AVAILABLE DATA.
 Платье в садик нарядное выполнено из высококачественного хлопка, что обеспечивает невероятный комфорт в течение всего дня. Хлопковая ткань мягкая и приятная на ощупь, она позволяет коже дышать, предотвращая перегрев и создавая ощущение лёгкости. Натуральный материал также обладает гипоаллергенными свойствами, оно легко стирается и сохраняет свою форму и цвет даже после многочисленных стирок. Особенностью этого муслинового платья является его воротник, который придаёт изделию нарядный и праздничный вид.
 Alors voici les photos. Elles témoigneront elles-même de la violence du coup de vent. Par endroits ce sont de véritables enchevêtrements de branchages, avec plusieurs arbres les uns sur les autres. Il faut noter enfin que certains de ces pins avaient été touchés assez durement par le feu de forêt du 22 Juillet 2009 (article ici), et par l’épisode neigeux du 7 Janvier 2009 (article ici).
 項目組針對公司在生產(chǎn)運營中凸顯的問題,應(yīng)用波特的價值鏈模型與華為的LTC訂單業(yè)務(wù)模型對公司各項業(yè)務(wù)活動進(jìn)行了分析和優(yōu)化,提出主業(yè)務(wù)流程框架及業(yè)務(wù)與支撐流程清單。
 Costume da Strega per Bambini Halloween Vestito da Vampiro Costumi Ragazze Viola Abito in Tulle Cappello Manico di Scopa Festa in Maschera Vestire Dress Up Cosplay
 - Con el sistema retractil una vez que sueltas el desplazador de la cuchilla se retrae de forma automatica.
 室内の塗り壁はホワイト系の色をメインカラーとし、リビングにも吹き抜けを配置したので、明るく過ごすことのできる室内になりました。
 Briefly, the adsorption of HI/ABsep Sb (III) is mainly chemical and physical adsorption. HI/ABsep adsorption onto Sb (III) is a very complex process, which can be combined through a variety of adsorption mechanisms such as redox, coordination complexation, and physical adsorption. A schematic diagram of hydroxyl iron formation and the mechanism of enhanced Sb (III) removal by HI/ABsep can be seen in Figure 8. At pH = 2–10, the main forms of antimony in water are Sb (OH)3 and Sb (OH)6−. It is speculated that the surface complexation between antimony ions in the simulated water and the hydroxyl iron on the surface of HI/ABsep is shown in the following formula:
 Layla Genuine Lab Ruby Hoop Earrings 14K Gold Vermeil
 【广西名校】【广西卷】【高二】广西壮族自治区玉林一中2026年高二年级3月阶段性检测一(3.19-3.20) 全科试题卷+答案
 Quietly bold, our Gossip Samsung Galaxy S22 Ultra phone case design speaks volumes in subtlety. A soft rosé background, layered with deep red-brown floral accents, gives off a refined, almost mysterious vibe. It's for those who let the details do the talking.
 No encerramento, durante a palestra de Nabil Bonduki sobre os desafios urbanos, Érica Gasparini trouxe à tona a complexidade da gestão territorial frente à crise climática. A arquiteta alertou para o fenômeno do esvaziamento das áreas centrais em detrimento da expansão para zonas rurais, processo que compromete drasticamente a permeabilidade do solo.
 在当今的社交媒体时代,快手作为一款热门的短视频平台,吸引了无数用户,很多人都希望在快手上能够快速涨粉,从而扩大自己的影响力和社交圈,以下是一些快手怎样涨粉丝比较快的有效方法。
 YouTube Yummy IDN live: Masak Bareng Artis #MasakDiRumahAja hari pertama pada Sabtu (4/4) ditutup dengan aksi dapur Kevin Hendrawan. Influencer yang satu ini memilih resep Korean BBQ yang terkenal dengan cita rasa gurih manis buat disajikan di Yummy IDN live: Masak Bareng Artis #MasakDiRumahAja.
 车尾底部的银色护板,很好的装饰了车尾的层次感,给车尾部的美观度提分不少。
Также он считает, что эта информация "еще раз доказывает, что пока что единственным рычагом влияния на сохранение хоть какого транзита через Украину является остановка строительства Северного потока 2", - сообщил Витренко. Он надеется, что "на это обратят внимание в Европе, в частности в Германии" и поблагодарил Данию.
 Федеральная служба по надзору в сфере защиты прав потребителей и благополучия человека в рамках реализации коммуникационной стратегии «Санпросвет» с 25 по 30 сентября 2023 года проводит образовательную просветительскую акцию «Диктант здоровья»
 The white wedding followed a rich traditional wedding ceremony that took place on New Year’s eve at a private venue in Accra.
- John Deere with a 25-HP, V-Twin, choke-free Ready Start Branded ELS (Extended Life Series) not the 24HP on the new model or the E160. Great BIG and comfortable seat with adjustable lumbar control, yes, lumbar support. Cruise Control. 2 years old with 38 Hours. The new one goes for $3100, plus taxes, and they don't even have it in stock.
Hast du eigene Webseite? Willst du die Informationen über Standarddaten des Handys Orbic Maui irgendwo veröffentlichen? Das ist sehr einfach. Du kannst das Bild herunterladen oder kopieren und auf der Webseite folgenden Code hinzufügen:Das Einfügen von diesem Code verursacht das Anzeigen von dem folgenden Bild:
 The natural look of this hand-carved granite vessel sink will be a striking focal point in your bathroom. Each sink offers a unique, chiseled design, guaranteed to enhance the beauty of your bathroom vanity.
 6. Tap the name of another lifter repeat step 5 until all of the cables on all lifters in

WHAT YOU WILL DO. In the entries above, the lines between the one holding "室内の塗り壁はホワイト系の色" and the one holding "在当今的社交媒体时代,快手作", inclusive, are to be printed exactly as written, and those alone.

TASK RESPONSE.
 室内の塗り壁はホワイト系の色をメインカラーとし、リビングにも吹き抜けを配置したので、明るく過ごすことのできる室内になりました。
 Briefly, the adsorption of HI/ABsep Sb (III) is mainly chemical and physical adsorption. HI/ABsep adsorption onto Sb (III) is a very complex process, which can be combined through a variety of adsorption mechanisms such as redox, coordination complexation, and physical adsorption. A schematic diagram of hydroxyl iron formation and the mechanism of enhanced Sb (III) removal by HI/ABsep can be seen in Figure 8. At pH = 2–10, the main forms of antimony in water are Sb (OH)3 and Sb (OH)6−. It is speculated that the surface complexation between antimony ions in the simulated water and the hydroxyl iron on the surface of HI/ABsep is shown in the following formula:
 Layla Genuine Lab Ruby Hoop Earrings 14K Gold Vermeil
 【广西名校】【广西卷】【高二】广西壮族自治区玉林一中2026年高二年级3月阶段性检测一(3.19-3.20) 全科试题卷+答案
 Quietly bold, our Gossip Samsung Galaxy S22 Ultra phone case design speaks volumes in subtlety. A soft rosé background, layered with deep red-brown floral accents, gives off a refined, almost mysterious vibe. It's for those who let the details do the talking.
 No encerramento, durante a palestra de Nabil Bonduki sobre os desafios urbanos, Érica Gasparini trouxe à tona a complexidade da gestão territorial frente à crise climática. A arquiteta alertou para o fenômeno do esvaziamento das áreas centrais em detrimento da expansão para zonas rurais, processo que compromete drasticamente a permeabilidade do solo.
 在当今的社交媒体时代,快手作为一款热门的短视频平台,吸引了无数用户,很多人都希望在快手上能够快速涨粉,从而扩大自己的影响力和社交圈,以下是一些快手怎样涨粉丝比较快的有效方法。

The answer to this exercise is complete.